In the wake of the Glasgow Climate Pact reached at the recent COP26 Conference, it is clear that the urgent need to cut emissions of greenhouse gasses will shape our daily lives in ever more tangible ways over the coming years. Increasingly, businesses must consider the environmental impact of all aspects of their operations. This will include the way businesses seek to resolve the disputes that inevitably arise in the course of commercial relationships. Likewise, the dispute resolution industry itself will face increasing accountability for its carbon footprint and wider environmental impact.

As a potentially sustainable form of dispute resolution, International Arbitration starts from promising foundations.

Whereas (at least before the COVID-19 pandemic) traditional courts relied upon in-person hearings, in International Arbitration it is principally a matter of the parties' choice as to whether any or all parts of the process need to be conducted in this way. The lack of a traditional physical base has also led International Arbitration to readily embrace electronic documents.

Yet despite this strong starting point, the environmental impact of International Arbitration can still be very significant. A study conducted by the Campaign for Greener Arbitrations estimates that a single major international arbitration could require the planting of almost 20,000 trees to offset its carbon emissions, once sources such as flights and other transport, hotels, paper use and data storage are taken into account.

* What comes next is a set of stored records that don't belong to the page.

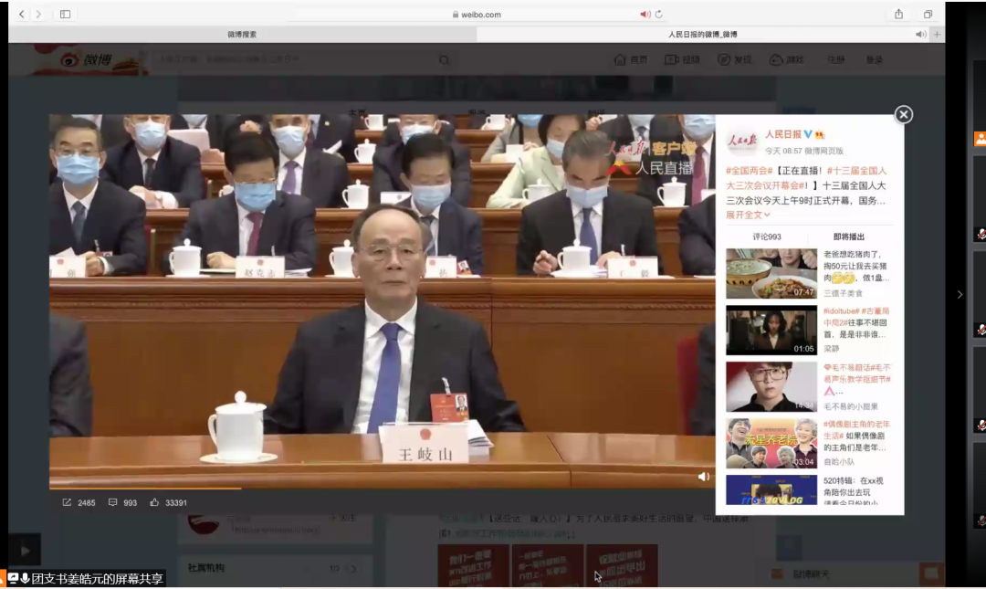 人文学院2018级二班通过腾讯会议组织学习2020年全国两会精神。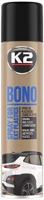 K2 BONO to prosty w użyciu środek do odnowienia plastików zewnętrznych. Wysoce skuteczny w wydobywaniu oryginalnego koloru, odnawia i zabezpiecza wszelkie powierzchnie plastikowe, winylowe oraz gumowe. Przywraca głębie plastikowym listwom, zderzakom czy osłoną nadkoli i sprawia, że wyglądają jak nowe.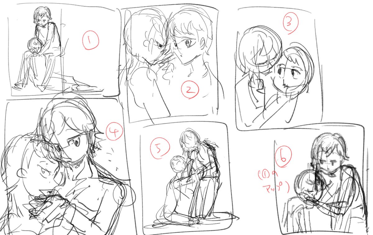 今回の表紙カラーイラストの経緯です。せっかくなのでタグ付きでツイート(需要があると思うので) 表紙ラフの段階で何人かに見てもらって一番人気だったの4で進めましたが、私は2と5もお気に入りでした! #はしっこinfo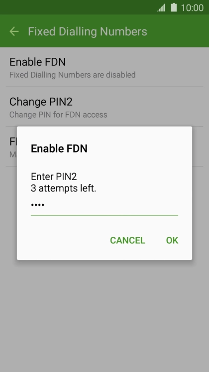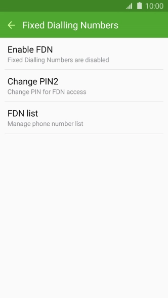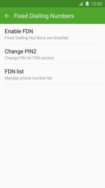 Press Enable FDN to turn on fixed dialling.
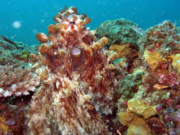 Die dritte Überraschung ist das beinahe komplette Fehlen von Korallen an vielen Tauch-Platzen. Ab und zu erhebt sich eine kleine Hirn- oder Pilz-Koralle, aber die meisten Strukturen sind tot. Gut, das stimmt nicht für alle Plätze. Am letzten Tag besuchte ich die Muiron Island, die etwa eine Stunde von Exmouth entfernt liegt. Hier gibt es jedem Menge und auch riesige Korallen, dafür gibt es viel weniger Fische.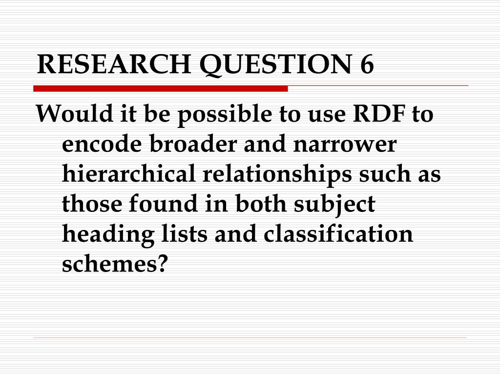RESEARCH QUESTION 6 • Would it be possible to use RDF to encode broader and narrower hierarchical relationships such as those found in both subject heading lists and classification schemes?

The adaptations made during the COVID-19 pandemic have undoubtedly pointed towards the long-term direction required. Under domestic and international travel restrictions, parties and their advisors have had to choose between conducting their trials virtually or waiting until an indeterminate point in the future at which a traditional in-person trial might be possible. Faced with such delays, the International Arbitration community has overwhelmingly embraced remote trials.

As with the adaptations made by traditional court systems, it remains to be seen how widely these innovations will remain part of the approach to International Arbitration in a post-pandemic world. In particular, there is ongoing and lively debate among practitioners across the dispute resolution industry as to how well virtual trials compare with the more traditional in-person variety when it comes to serving the interests of justice and the parties and witnesses involved.

Whilst reasonable people may differ on this issue, a couple of considerations are worth bearing in mind:

  • Many of the solutions which the industry has relied upon to keep trials moving during the pandemic have been existing, off-the-shelf products, including videoconference technology such as Zoom and Microsoft Teams, which were not designed specifically for processes such as witness cross-examination. If tribunals and practitioners have been able to navigate the demands of the pandemic using this technology, imagine what can be achieved going forward with platforms specifically designed to be used as virtual courtrooms, some of which are already on the market; and
  • Whilst client need and preferences will always have a key role to play in shaping any International Arbitration, it is clear that environmental considerations will increasingly drive the options available. For example, both the London Court of International Arbitration and the International Chamber of Commerce's Court of International Arbitration have recently introduced new rules which confirm the primacy of electronic communications and put the availability of a virtual hearing on a firm footing. Arbitrators and other practitioners too will have their say: the Campaign for Greener Arbitrations has instituted a "Green Pledge" to which practitioners can sign up, committing themselves to, for example, encouraging the use of videoconferencing facilities as an alternative to travel.

At Brodies, during the pandemic we have successfully conducted several virtual International Arbitration trials, using technology to seamlessly bring together the tribunal, counsel, witnesses and documents in order to ensure that our clients' disputes can be resolved as expeditiously as possible. Happily for clients, these innovations have also driven cost efficiencies, with travel costs an obvious saving.

Besides retaining the best of the innovations encouraged by the pandemic, what more can the International Arbitration community do to reduce its carbon footprint? One area in which International Arbitration arguably lags behind more traditional court systems is in encouraging parties to consider whether a formal dispute resolution process is required at all. In England and Wales, for example, parties are required to attempt to identify and narrow the issues in dispute before commencing proceedings, and to keep settlement under consideration at all times, in order to ensure that only truly intractable disputes end up at trial. By contrast, the rules of International Arbitration laid down by bodies such as the LCIA and ICC tend to have fewer or no formal requirements in this regard.

Fortunately, seeking to avoid unnecessary disputes ought to be common sense for any dispute resolution practitioner. If a dispute can be resolved consensually rather than through lengthy proceedings, whether in arbitration or before the courts, then the benefit will be felt by both the planet and the client's pocket.